说缺少文件，尝试从huggingface拉取，但是检查后没有缺少文件，需要进行适配Ascend-compatible PyTorch 模型吗？

Reproduction

ASCEND_RT_VISIBLE_DEVICES=6 lmdeploy serve api_server
/home/ZhipuAI/glm-4v-9b
--backend pytorch
--chat-template /opt/lmdeploy/chat_template/glm-4v.json
--model-name glm-4v
--device ascend
--server-name 0.0.0.0
--server-port 50077

Environment

[W compiler_depend.ts:623] Warning: expandable_segments currently defaults to false. You can enable this feature by `export PYTORCH_NPU_ALLOC_CONF = expandable_segments:True`. (function operator())
sys.platform: linux
Python: 3.10.5 (main, Sep 24 2024, 03:43:49) [GCC 9.4.0]
CUDA available: False
MUSA available: False
numpy_random_seed: 2147483648
GCC: gcc (Ubuntu 9.4.0-1ubuntu1~20.04.2) 9.4.0
PyTorch: 2.1.0
PyTorch compiling details: PyTorch built with:
  - GCC 10.2
  - C++ Version: 201703
  - Intel(R) MKL-DNN v3.1.1 (Git Hash 64f6bcbcbab628e96f33a62c3e975f8535a7bde4)
  - OpenMP 201511 (a.k.a. OpenMP 4.5)
  - LAPACK is enabled (usually provided by MKL)
  - NNPACK is enabled
  - CPU capability usage: NO AVX
  - Build settings: BLAS_INFO=open, BUILD_TYPE=Release, CXX_COMPILER=/opt/rh/devtoolset-10/root/usr/bin/c++, CXX_FLAGS= -D_GLIBCXX_USE_CXX11_ABI=0 -fabi-version=11 -fvisibility-inlines-hidden -DUSE_PTHREADPOOL -DNDEBUG -DUSE_KINETO -DLIBKINETO_NOCUPTI -DLIBKINETO_NOROCTRACER -DUSE_QNNPACK -DUSE_PYTORCH_QNNPACK -DUSE_XNNPACK -DSYMBOLICATE_MOBILE_DEBUG_HANDLE -O2 -fPIC -Wall -Wextra -Werror=return-type -Werror=non-virtual-dtor -Werror=bool-operation -Wnarrowing -Wno-missing-field-initializers -Wno-type-limits -Wno-array-bounds -Wno-unknown-pragmas -Wno-unused-parameter -Wno-unused-function -Wno-unused-result -Wno-strict-overflow -Wno-strict-aliasing -Wno-stringop-overflow -Wno-psabi -Wno-error=pedantic -Wno-error=old-style-cast -Wno-invalid-partial-specialization -Wno-unused-private-field -Wno-aligned-allocation-unavailable -Wno-missing-braces -fdiagnostics-color=always -faligned-new -Wno-unused-but-set-variable -Wno-maybe-uninitialized -fno-math-errno -fno-trapping-math -Werror=format -Werror=cast-function-type -Wno-stringop-overflow, LAPACK_INFO=open, TORCH_DISABLE_GPU_ASSERTS=ON, TORCH_VERSION=2.1.0, USE_CUDA=OFF, USE_CUDNN=OFF, USE_EIGEN_FOR_BLAS=ON, USE_EXCEPTION_PTR=1, USE_GFLAGS=OFF, USE_GLOG=OFF, USE_MKL=OFF, USE_MKLDNN=ON, USE_MPI=OFF, USE_NCCL=OFF, USE_NNPACK=ON, USE_OPENMP=ON, USE_ROCM=OFF, 

TorchVision: 0.16.0
LMDeploy: 0.6.0+bf89a01
transformers: 4.46.0.dev0
gradio: Not Found
fastapi: 0.115.0
pydantic: 2.9.2
triton: Not Found

Error traceback

No response

Sep 29 '24 07:09 Sunxiaohu0406

虽然我们没有验证过npu上的glm4v-9b的推理。
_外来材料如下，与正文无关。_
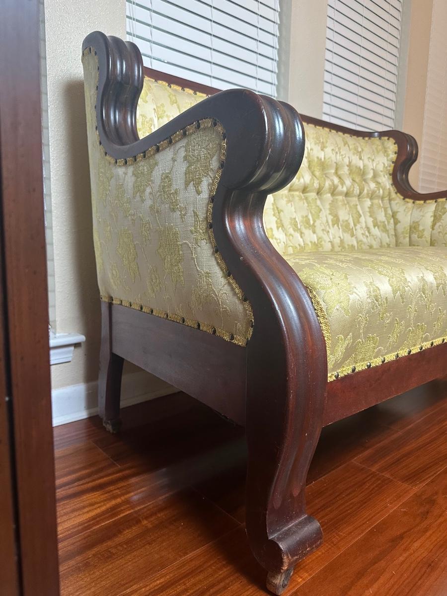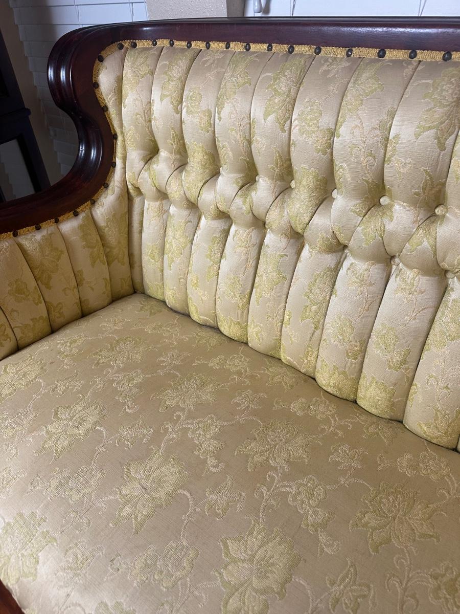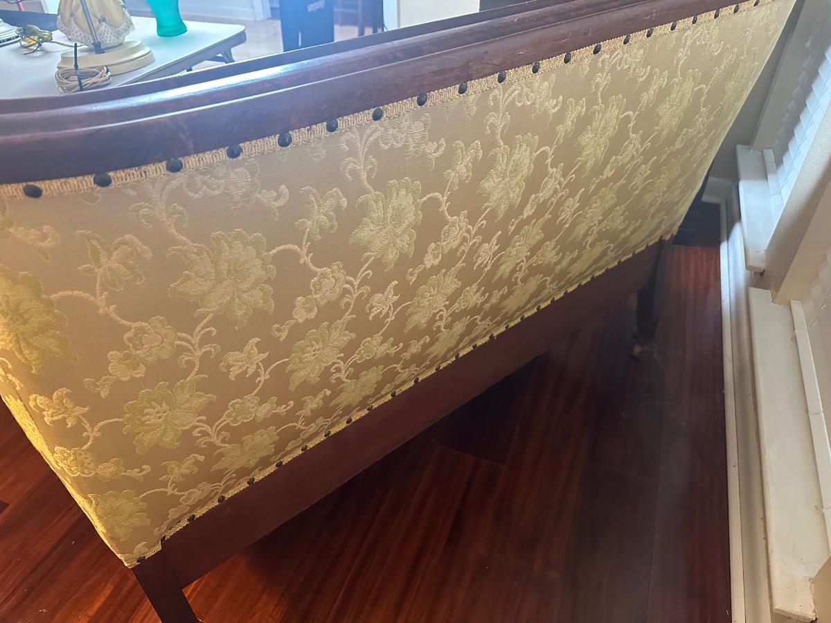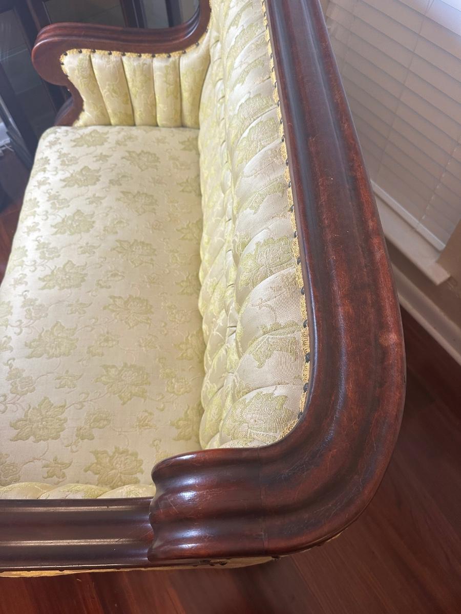 Vintage Tufted Settee / Loveseat with Carved Wood Arms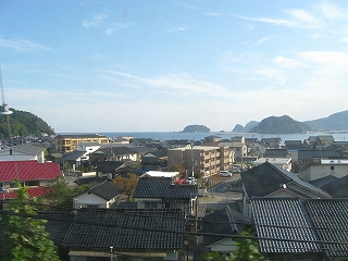 車窓にて。香住市街の風景。
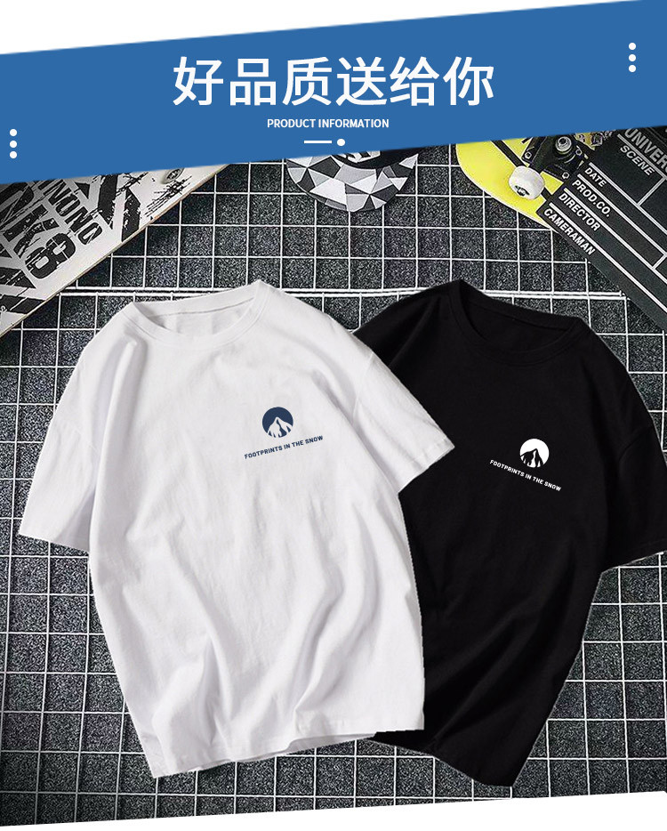 【100%純棉】2021春季爆款t恤男士韓版雪山印花短袖圓領T恤男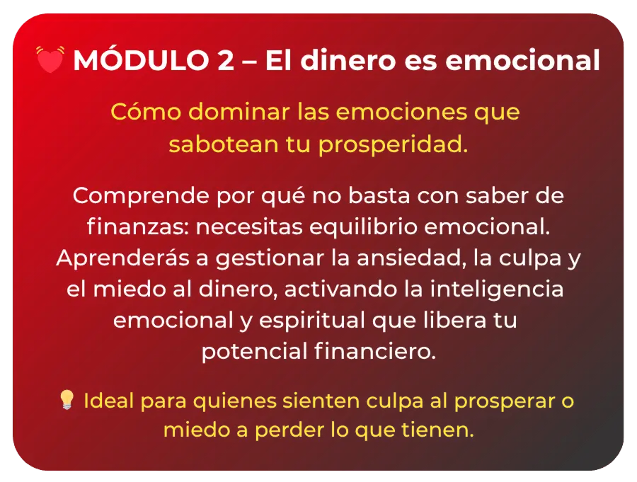 ⚡ Módulo 2: El dinero es emocional – Domina las emociones que sabotean tu prosperidad.
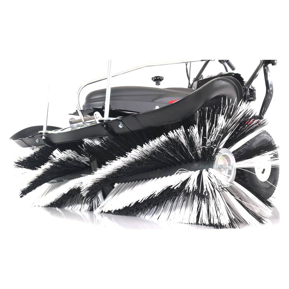 - Универсальная щетка - справляется практически с любым видом загрязнений. Жесткие белые щетины предназначены для въевшейся грязи, мха, снега. Мягкие черные – для уборки пыли и листвы. Щетка изготовлена из морозостойкого полипропилена, обеспечивающего ресурс не менее 1600 моточасов
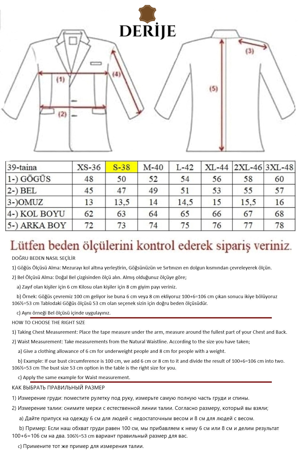 Model Ölçüleri: Boy:1,77 cm Göğüs: 90 cm Bel: 62 cm Basen: 94 cm Model üzerindeki beden "M"Deri Ceket Bakım Öneriler- Bütün ürünler yüksek kalite hakiki deriden el işçiliği ile özenle üretilir ve DERİJE garantisi kapsamındadır.

但是你这个像是路径指错了？可以发一下你的使用方式

Sep 30 '24 08:09 jinminxi104

This issue is marked as stale because it has been marked as invalid or awaiting response for 7 days without any further response. It will be closed in 5 days if the stale label is not removed or if there is no further response.

Oct 15 '24 02:10 github-actions[bot]

This issue is closed because it has been stale for 5 days. Please open a new issue if you have similar issues or you have any new updates now.

Oct 20 '24 02:10 github-actions[bot]

We support glm4v-9b in version 0.6.3 of lmdeploy and version 0.1.2 of dlinfer(https://github.com/DeepLink-org/dlinfer), you can try again.

Nov 18 '24 03:11 yao-fengchen